This work proposes a lightweight and efficient EGM-YOLOv8 model for accurate ship detection. Firstly, the compact and effective ECA module is incorporated into the C2f module for multi-level feature extraction, achieving enhanced feature extraction capability. Secondly, in the neck, we combine the lightweight GELAN with PANet to construct a more lightweight and efficient neck network, which can better integrate ship-related features at different levels, ensuring maximal retention of global ship feature information, and further improving the accuracy of ship detection. Additionally, we introduce an accurate minimum distance loss function based on ship geometric features, MPDIoU, which optimizes the gradient gain allocation strategy, enabling the model to achieve an effective balance of various targets in the training process, improving the generalization potential of the model, achieving accelerated convergence, and delivering improved regression accuracy. Finally, on the Seaships dataset, EGM-YOLOv8 is compared with other models such as Faster-RCNN, YOLOv6, YOLOv7, TPH-YOLOv5, and TPH-YOLOv5++ to appraise its recognition accuracy and overall effectiveness. Results from the experiments confirm that EGM-YOLOv8 significantly outshines these methods in ship detection tasks. Compared to YOLOv8, it improves recall by 1.13%, mAP@0.5:0.95 by 0.47%, cuts the parameter count by 13.57% while reducing computational cost by 11.05%, saving computational resources and hardware consumption. In subsequent studies, we plan to explore more efficient backbone networks and even lighter detection head networks to enhance the model’s robustness to data noise. Techniques such as quantization, pruning, and knowledge distillation will also be considered to compress the model’s parameters while maintaining its performance.

Despite these contributions, this study has several limitations: (1) Limited Dataset Scope: The experiments were conducted on the Seaships and Mcships datasets, which focuses on near-shore vessel detection. The model’s performance in open-sea environments, adverse weather conditions, and high-density maritime traffic needs further validation. (2) Inference Speed Trade-off: While the model reduces parameter count and computational complexity, its inference speed is slightly slower than the original YOLOv8. This trade-off needs further optimization, especially for real-time edge deployments. (3) Generalization to Other Maritime Tasks: The study primarily addresses visible-light ship detection. Extending the approach to multimodal data (e.g., infrared or SAR images) could enhance robustness in diverse maritime conditions.
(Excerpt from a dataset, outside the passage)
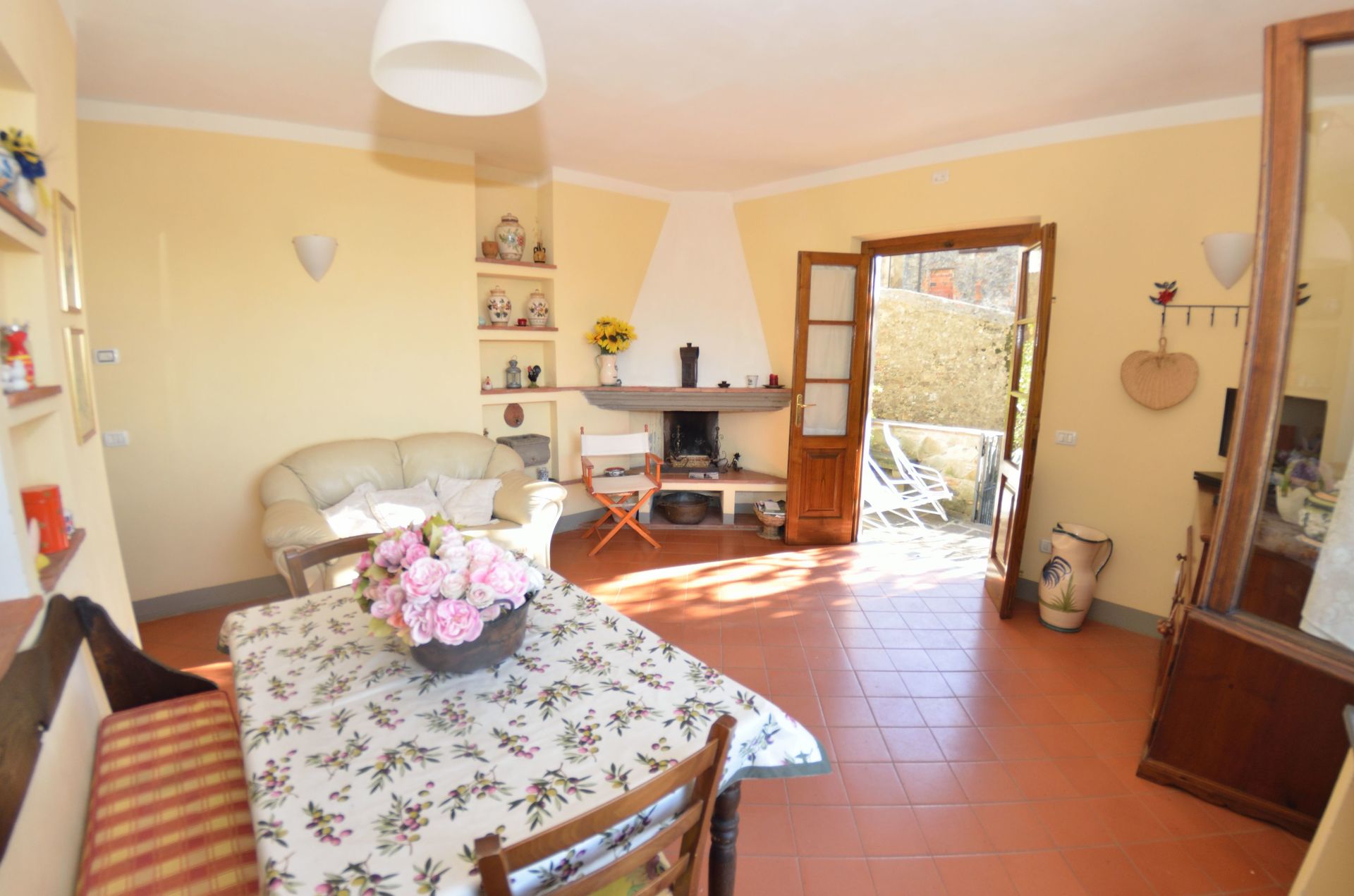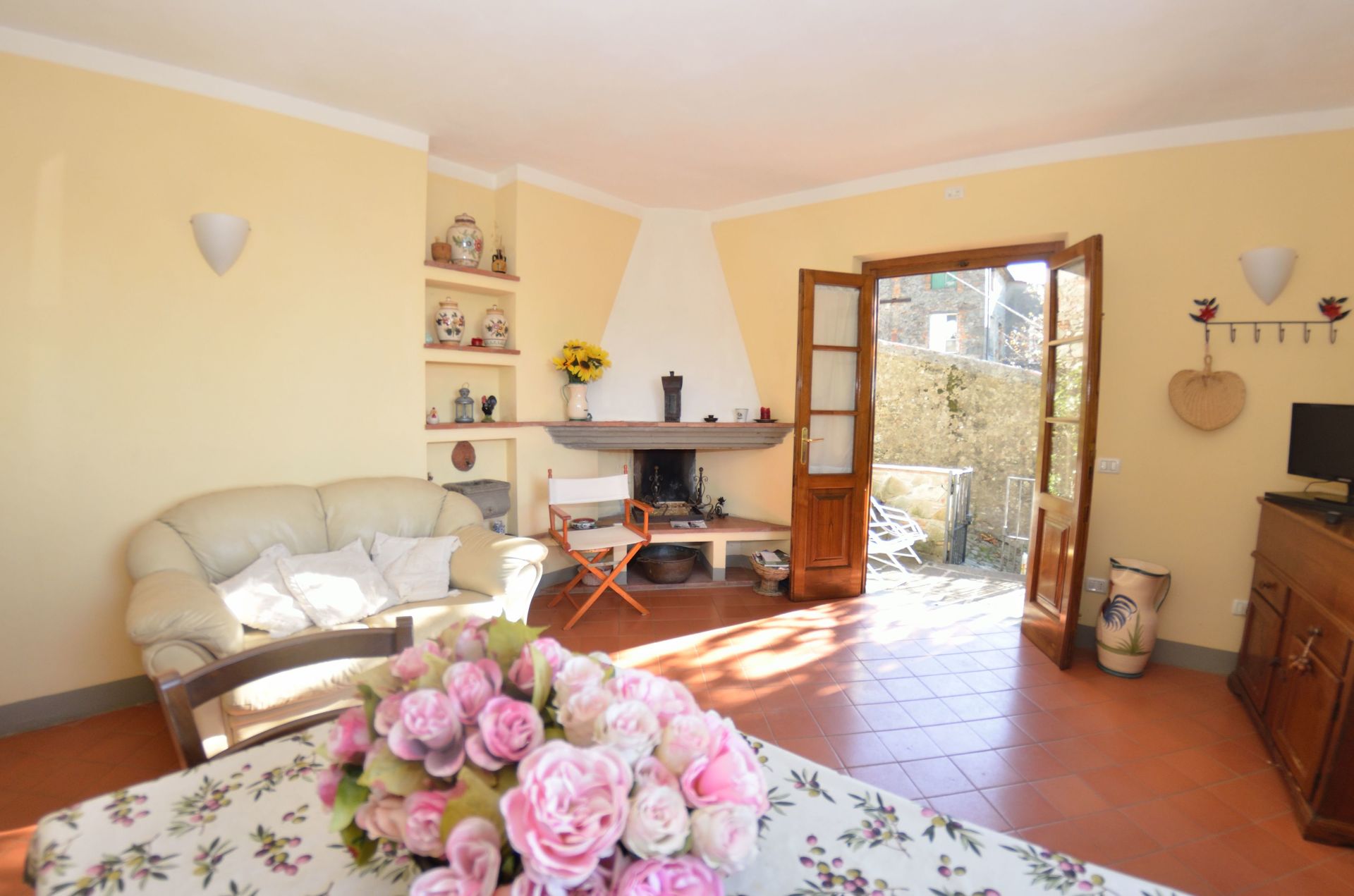 Living room: two armchairs, fireplace, dining table (people: 4), television, exit to the terrace.

To further advance lightweight ship detection, future work will focus on: (1) Optimizing Inference Speed: Exploring efficient backbone networks and lighter detection heads to improve real-time performance on edge devices. (2) Model Compression Techniques: Applying quantization, pruning, and knowledge distillation to reduce model size while preserving accuracy. (3) Expanding Benchmarking Datasets: Evaluating the model on multiple maritime datasets to ensure robustness across different environmental conditions and vessel types. (4) Multimodal Fusion Strategies: Integrating radar, infrared, and visible-light data to improve detection accuracy in adverse weather and low-visibility conditions.

Author Contributions

Y.L.: Conceptualization, Methodology, Software, Experiments, Validation, Formal analysis, Writing—original draft, Writing—review & editing. S.W.: Supervision, Resources, Funding acquisition, Experiments, Writing—review & editing. All authors have read and agreed to the published version of the manuscript.

Funding

This research was supported by National Key R& D Program of China (2024YFB3908800), Cultivation Program for the Excellent Doctoral Dissertation of Dalian Maritime University (0034012401), Fundamental Research Funds for the Central Universities (3132023507), and Dalian High-Level Talent Innovation Program (2022RG02).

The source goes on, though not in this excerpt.